A friend sent me an article about AIDS orphans in Africa, from a CNN site. We are all well aware about how Americans love to sensationalise and to simplify (and Champs loves to generalise about entire nations!) which always gets my back up. One such thing in this article got my back up, and I have overreacted to it, but it sparked an issue I always have boiling at the back of my mind.
One paragraph reads:
Millions and millions of AIDS orphans are the devastating legacy of this epidemic. Africans suffer the most.(View images of those most vulnerable)
Firstly, what is this sick fascination people have for publishing or for viewing pictures of suffering African people (or people maimed or killed in the Middle-East wars and crises). Somehow some people believe that the compromise of others' dignity is justified when making a point in their 'newsworthy' story or plea for funds. I do not agree.
I believe that the publishing of a person starving and malnourished simply desensitises the rest of the world's population to the issues at hand.
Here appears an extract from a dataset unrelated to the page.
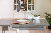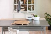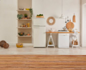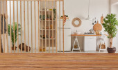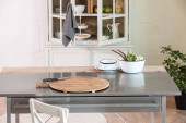 Zamknij drewniany stół i dekoracyjny styl tła kuchni. Lodówka, zmywarka i kuchenka stylu z koncepcją lampy.

It strips that person of their dignity. And it also portrays people in drought-ridden areas, HIV-riddled areas, war-torn areas, as useless and that they cannot fend for themselves, and have no hope. It continues the idea of the rest of world pouring funds into a black hole, simply to keep people barely yet still alive.
This is not the idea that I believe should be put across. The idea that should be championed is that these people, if it were not for some pretty kuk exterior circumstances, are intelligent, are capable, and are willing to create wonderful lives for themselves, their families, their countries and for the world as a whole. In not assisting the development of such areas, that we are losing potential and talent left-right-and-centre.
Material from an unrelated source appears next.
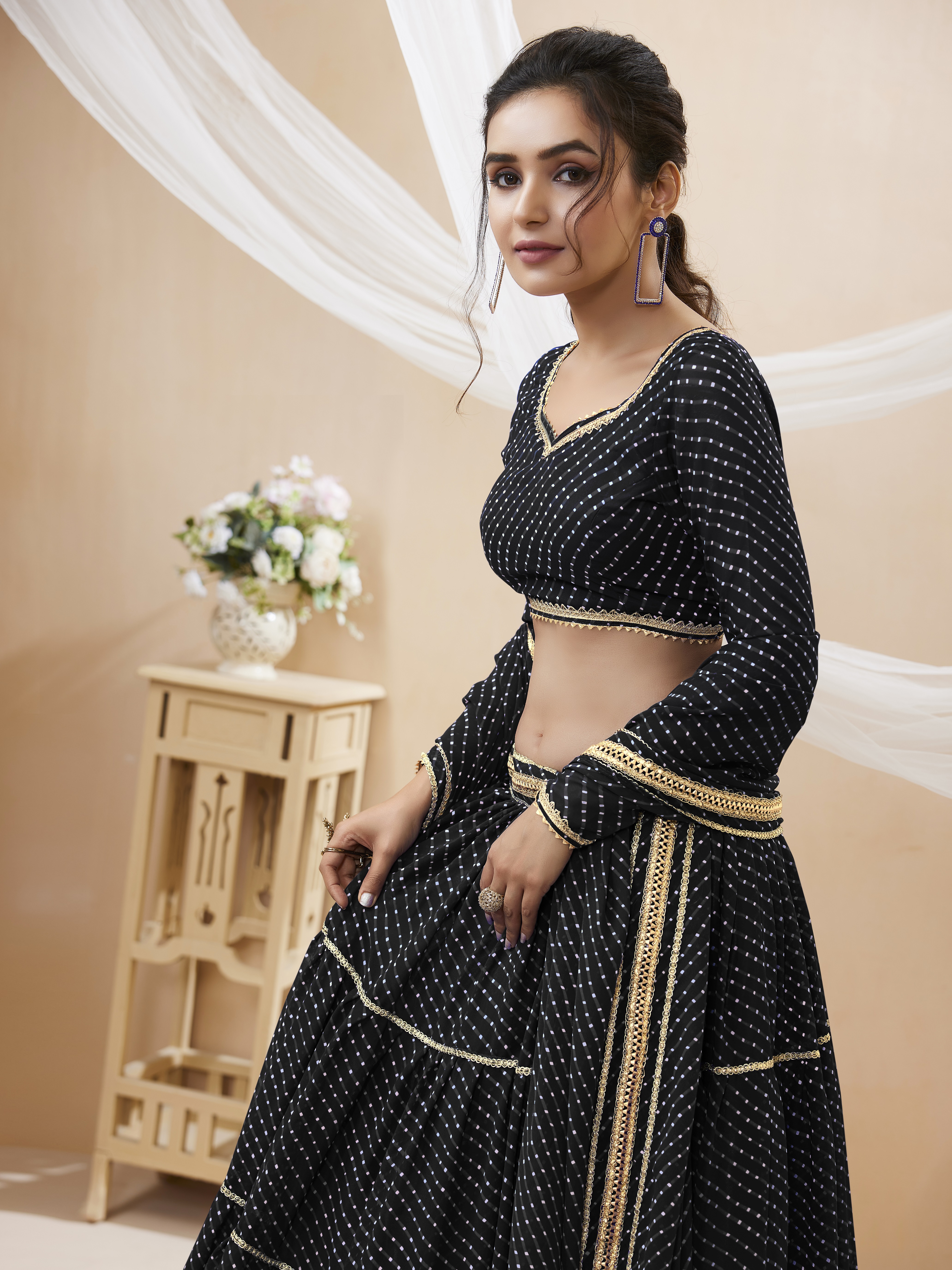 Elevate your ethnic look with this black georgette lehenga featuring lehariya work. Designed for festive occasions and celebrations, it offers a graceful flow and timeless appeal.Crafted from lightweight georgette fabric with a semi-stitched finish, this lehenga ensures comfort and easy customization. Dry clean recommended.

The kids who are considered OVC (orphaned and vulnerable children) who I worked with weekly in my last job (and miss like hell at the moment) were some of the politest and most grateful and happy children with whom I have interacted. AIDS orphans who would quietly walk behind me when I snuck them into my company's volunteers' Xmas party. They would come and collect juice from me, go back to their seats, drink and laugh and watch, then collect all the cups and bring them back to me. One of the kids would be sent to tap me on my arm and quietly whisper a simple request in my ear from all of them. Or in Mozam, I remember one girl carrying my digital camera around to take photos from her perspective, and she would carry it with absolute respect, pride and sensitivity. (Also the men & women I met on the way were sure to dress smartly and expect proper greetings and intelligent conversation.)
These children have dignity & the only pics I have of them are where they are smiling and proud. I used to tell them that best they all just work damn hard and become leaders of this country. Yes, these children had lost one or both parents to HIV/AIDS (AIDS Orphans are not necessarily infected themselves) but they still live their lives each day and know how to joke and play and live like the people they are, not some new scary phenomenon that they are currently made out to be from various sources.
What breaks my heart more, rather than seeing a person who is dying, is meeting a person who deserves & will work for so much but lacks the choices or opportunities to realise this. (Which is why the stories of buses not being available to get children to school gets me back shouting on my soap box!)
If you do not know by now that AIDS is not worth acquiring or that there are massive food and development problems across the continent of Africa and the world, no photograph or statistic or sob-story article is going to register this for you.
I believe so, anyway.
[As for the rest of the article, I cannot really see the newsworthy element of it, except for the last section, as the information is nothing new. Also there is the mistake of not knowing that a child who is termed an AIDS orphan does not necessarily have HIV/AIDS themselves. A simple concept that got lost by simplicity-seeking people.]